However, the electrical properties of Ag NW networks are far from those of the bulk material because of the weak connections between Ag NWs13. Ag NW networks also suffer from breakdown when exposed to high applied currents and long-term annealing conditions14. Theories have been proposed to address these issues, and various methods have been developed, including heat treatment (featuring either a high processing temperature or long treatment time)15, mechanical pressing16,17, electrochemical ion exchange18, vacuum filtration19, metal-oxide nanoparticle fusing20,21 and plasmonic welding22. In general, these methods require that the Ag NW networks have good uniformity before treatment, but the uniformity is difficult to control. Moreover, to prevent the drawbacks associated with the stability of the Ag NWs, hybrid materials that combine NWs with various nanostructures have been investigated23. For example, graphene has been widely used in conjunction with Ag NWs for transparent heaters (THs), as graphene itself is also an excellent flexible TH24,25. In another work, THs based on a hybrid structure of a polymer and Ag NWs exhibited a transmittance of 82.3% at 550 nm. By applying a 40 V potential to the films, stable temperature of 99 °C was generated within 50 s26. The fabrication of Ag NW-based hybrid structures always influences the transparency of the electrodes. In addition, some of the fabrication processes for accessing hybrid structures are complex, which prevents the widespread applications of these hybrids in industry.
Electroplating is mainly used to protect materials that are sensitive to the ambient environment. By using the traditional electroplating method, Ag NW networks can be selectively coated, avoiding unwanted plating of other areas. This electroplated coating can improve the inter-nanowire connections, which are intrinsically weak. In this study, metal nickel (Ni) was chosen as the electroplating coating material since it had good physical and mechanical properties. Through the electroplating process, high-performance Ni-enhanced Ag NW networks could be fabricated. To ensure the reliability of the high-performance Ni-enhanced Ag NW network, the mechanism by which Ni ions enhance the inter-nanowire connections needs to be identified, and the long-term service behaviour, such as electromigration at high temperatures and connectivity between Ag NWs, needs to be investigated.
Results and Discussion
Fabrication and Electroplating of Ag NWs Transparent Films
Figure 1 shows the entire fabrication process of Ni enhanced Ag NW transparent films. Ag NWs with high aspect ratios (80 μm in length and 80 nm in diameter) were synthesized through a modified polyol method and dispersed in deionized (DI) water. Then, the Ag NW solution was passed through a nitrocellulose membrane by a vacuum filtration system, as shown in Fig. 1a. After filtration, Ag NW networks were coated on the membrane and then were transferred onto a polyethylene terephthalate (PET) film using a laminator (Fig. 1b).
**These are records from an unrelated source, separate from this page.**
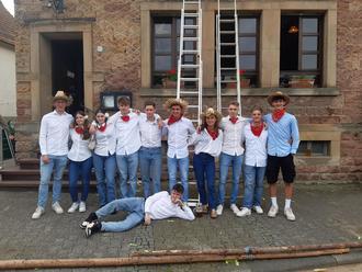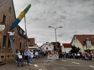 Auch in diesem Jahr fanden sich wieder junge Leute welche die Tradition der Dorfkerwe hoch hielten. Den in mühevoller Kleinarbeit kunstvoll gefertigten Strauß konnten sie am Sonntagnachmittag an der Gaststätte „Kääser“ in Erzenhausen nach anfänglichen Schwierigkeiten aufhängen. Im Anschluss an die mit launigen Worten vorgetragene Kerwerede führt die Straußjugend einen mittlerweile zur Tradition gewordenen Formationstanz auf, welcher ebenso wie die Kerwerede großen Anklang bei den zahlreich anwesenden Besuchern fand.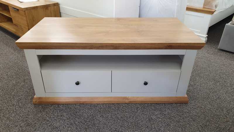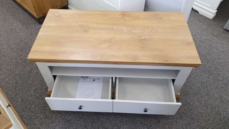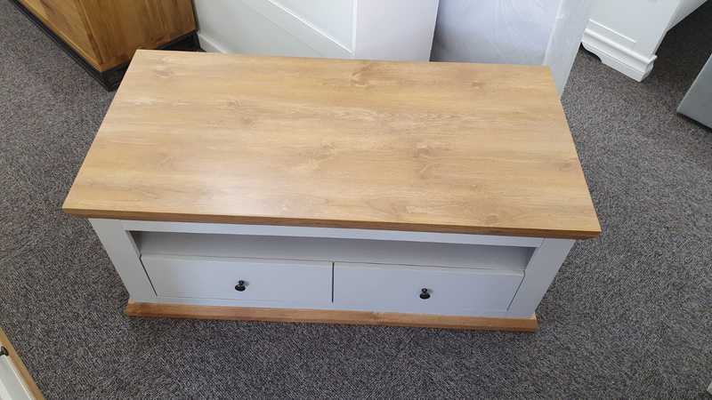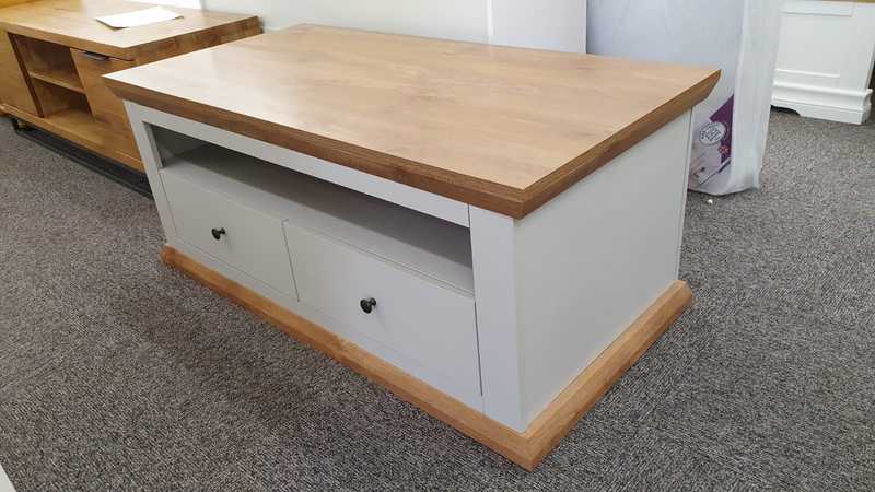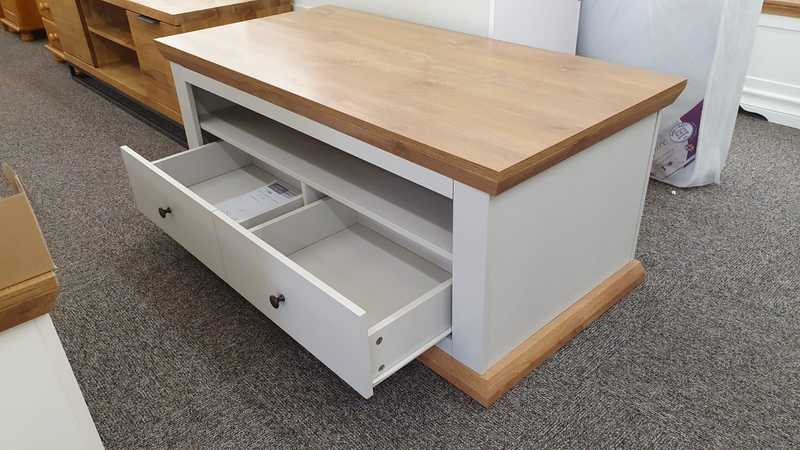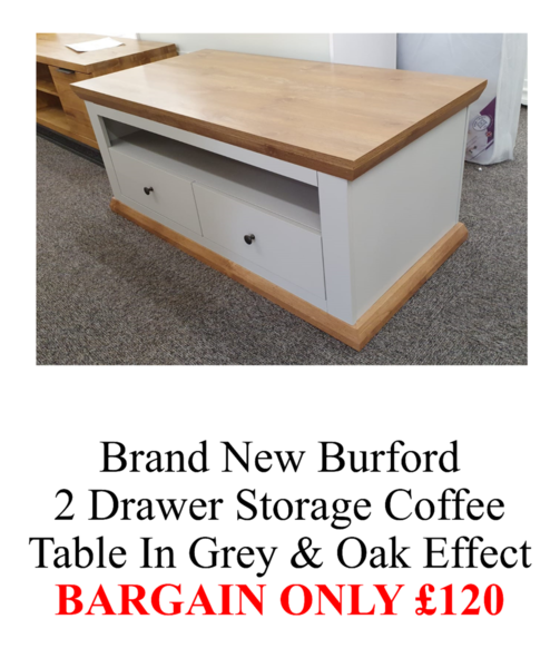 Burford 2 Drawer Storage Coffee Table in Grey & Oak Effect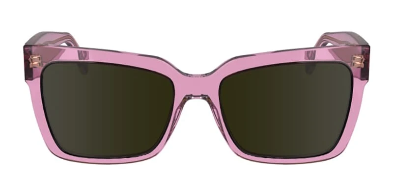 This square Calvin Klein sunglass comes in a crystal pink to khaki colour shift uv reactive frame with brown lenses.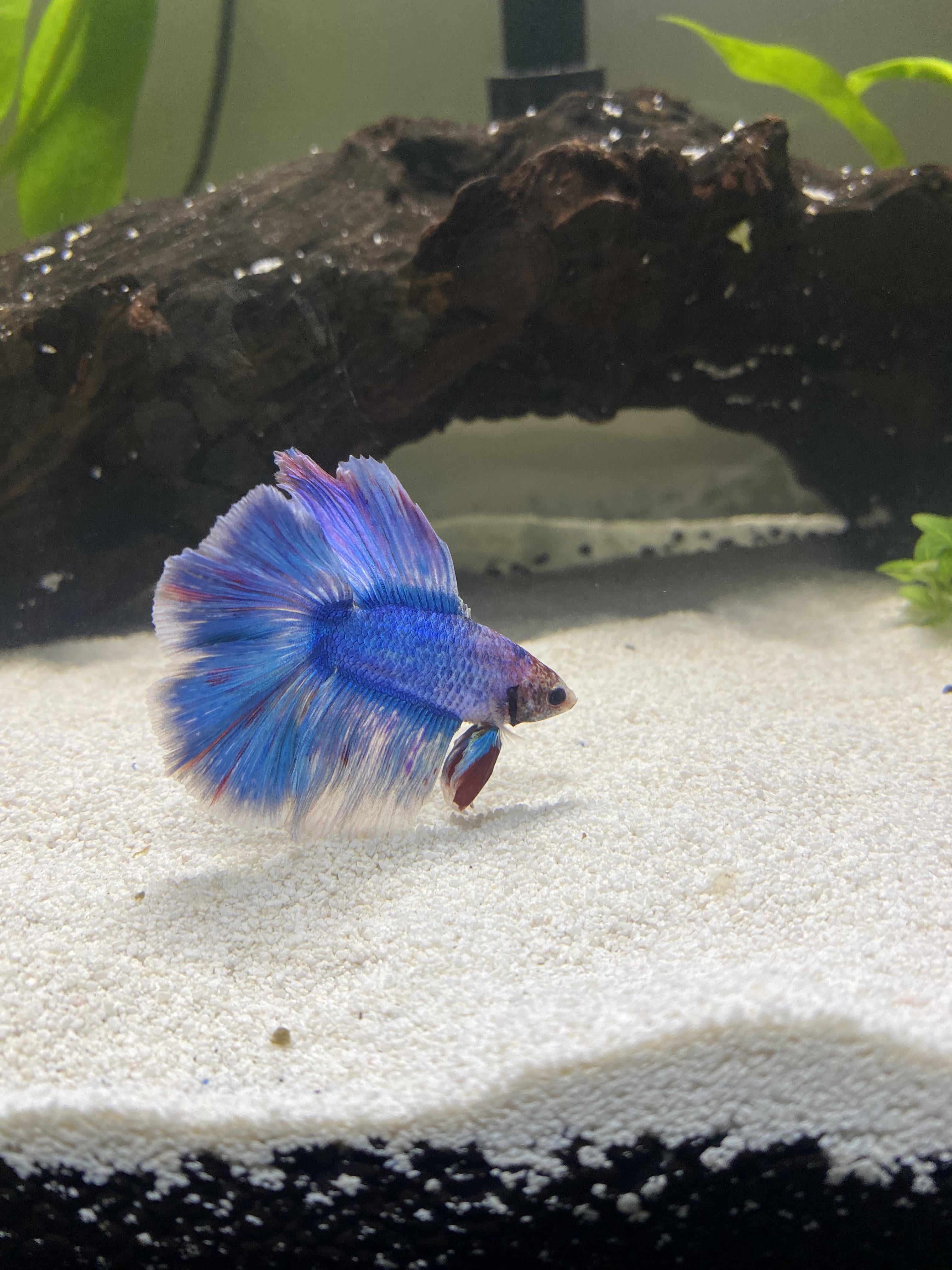 i lost my beautiful boy this morning. this photo was him just a week after bringing him home. this was my first ever betta and tank since i was a kid. i had about 6 months with this guy, he was so full of personality. about 2 weeks ago i got him some tank mates, 6 julii corydoras. (i have a planted 20 gal long) he was doing so well with them, no nipping or anything at all. then i noticed he was bloated when i had not fed him. i observed for a bit and he was taking the corys food. he was taking almost all of it, and due to him eating to much it was hard for me to keep his bloat down. i would fast for a day or two, and then feed a small amount to both fish. the cycle repeats. he kept going back to being bloated and last night he didn't make it. i did all i knew to do and tried my best. may he swim in peace.🫧💙 (i will be returning the corys to the store i bought them from. i would like for someone to better care for them and that way i am able to get another betta without running into an issue like this again.)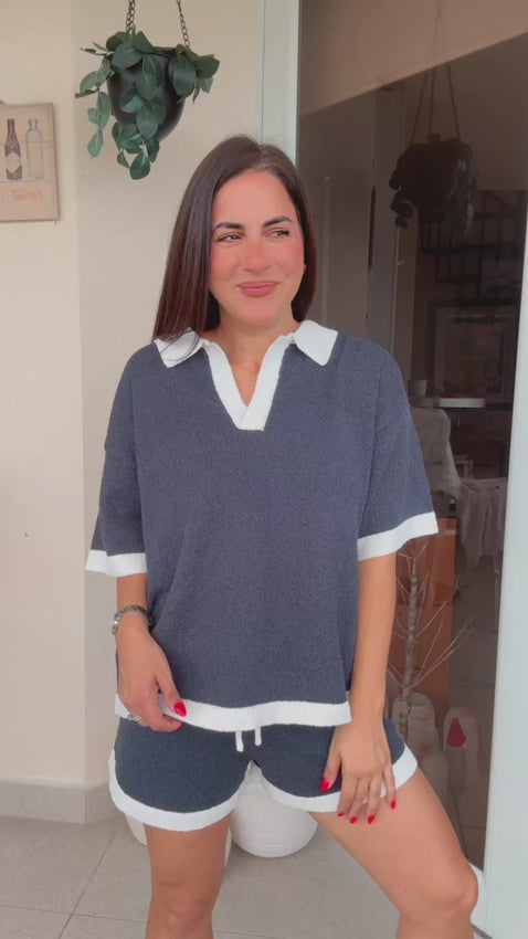 Knitted Collar Contrast Edge Short Sleeve Top and Shorts. Wearing size Small. Runs true to size.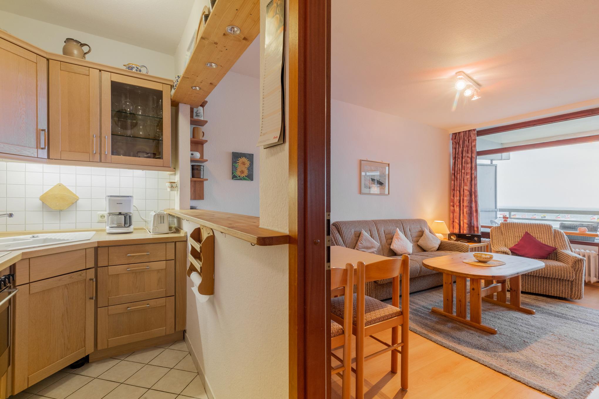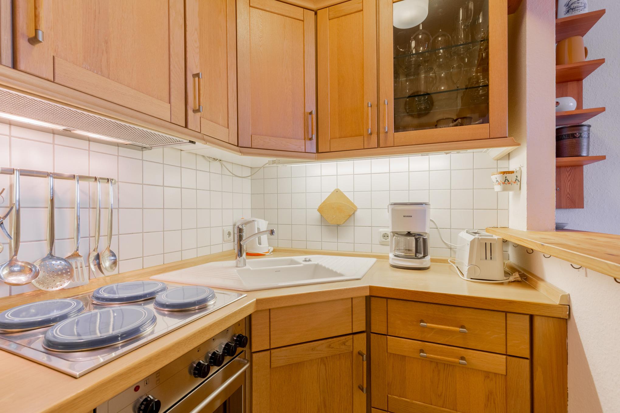 Komplett ausgestattete, zum Wohn- und Esszimmer offen Küche mit 4-Platten E-Herd, Backofen, Kühlschrank mit kleinem 3-Sterne Gefrierfach, Kaffeemaschine, Toaster, Wasserkocher und Eierkocher.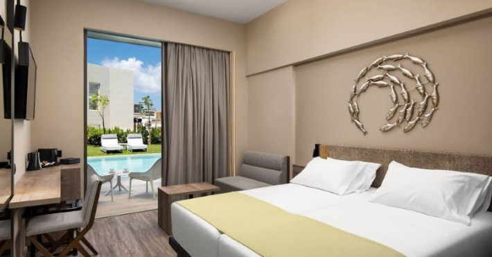 În plus, hotelul dispune de un bar, o piscină principală exterioară cu un design unic și o secțiune separată pentru copii, un loc de joacă, precum și un restaurant/tavernă ce deschide începând cu ora 10:00 și până seara târziu, completat de un bar la piscină.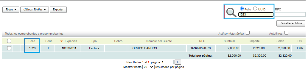 Folio: this option allows you to search for a receipt by entering the desired folio or series. Once you enter the information, press the "Enter" key on your keyboard and the system will perform the search.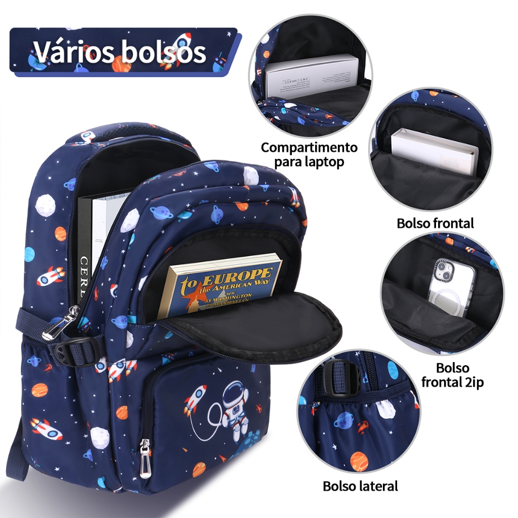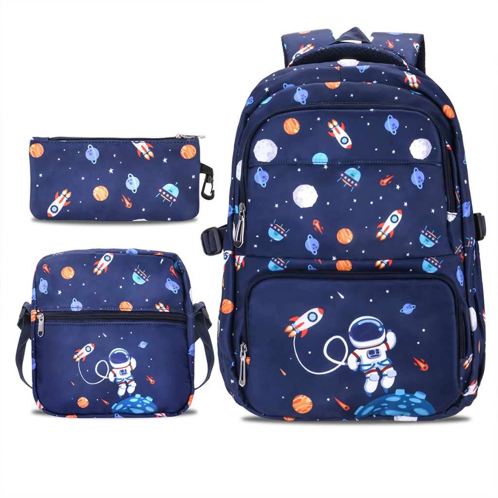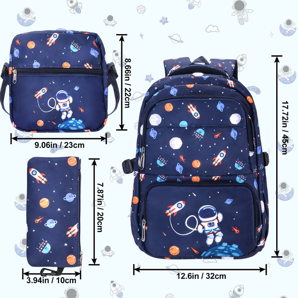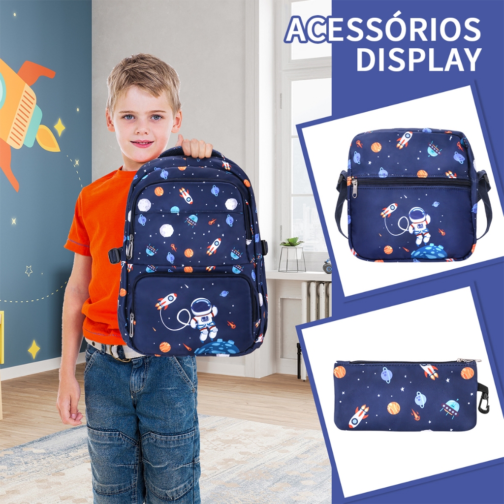 Kit Mochila Escolar 3 em 1 Preta com Tema de Astronauta Mochila Bolsa Transversal Estojo TADASHOPE

The transparency of the untreated films was 90%, and the sheet resistance was over 2000 Ω sq−1. After heated at 50 °C for 30 min using a hotplate (Fig. 1c), the sheet resistance of Ag NW films dropped to less than 200 Ω sq−1.
Schematic illustration of transparent heater fabrication. (a) Vacuum filtration. (b) Pressure transfer process. (c) Heating process. (d) SEM image of the heated Ag NW network and its connection conditions. (e~g) Ni electroplating process. (h) SEM image of the electroplated Ag NW network and its connection conditions.
However, the heated Ag NW networks were unable to continuously conduct a high current at high temperatures for long periods, especially when used in flexible heaters and high-power devices. The Ag NWs have polygonal cross sections with sharp edges, and as seen in Fig. 1d, they merely stack together, leading to the poor conductivity of the film. To further improve the electrical properties of the Ag NW films and protect the nanowires from electromigration, a thin Ni shell was electroplated on the Ag NW networks. A flowchart of the electroplating process is shown in Fig. 1e–g. The PET film with adhered Ag NWs, referred to as the Ag NW film, was cut into 4 cm × 3 cm coupons. Cu tapes were pasted on the as-prepared Ag NW film for application as the cathode for the electroplating process. The electroplating system consisted of a Ni anode, the Ag NW-based cathode, an electroplating solution and a direct-current (DC) power supply, as shown in Fig. 1f. The electroplating parameters were 100 mA (0.2 A dm−2) and 10 s. After the Ni electroplating process, the sheet resistance of the Ni-coated Ag NW films decreased to 9.4 Ω sq−1, the transparency dropped to 80%, and the colour of the film changed from light grey to dark grey.
The microstructure of Ni electroplated Ag NWs film was exhibited in Fig. 1h that Ni filled the gaps between Ag NWs forming a tight connection between the individual Ag NWs. Thus, the conductivity of the Ag NW films increased. Furthermore, the junctions between Ag NWs changed from a loose connection to a tight connection because of the Ni electroplating process. Moreover, with the deposition of Ni atoms, the NWs became thick, and their surface became rough. The transmission electron microscopy (TEM) image of the film showed that a rough shell was present on the smooth surface of each Ag NW (Fig. S1a), and the energy dispersive X-ray spectroscopy (EDS) analysis shown in Fig. S1b also confirmed that only Ni and Ag were present. It was concluded that the Ag NW network was connected and coated with thin Ni layer, which was expected to improve the conductivity and anti-electromigration property.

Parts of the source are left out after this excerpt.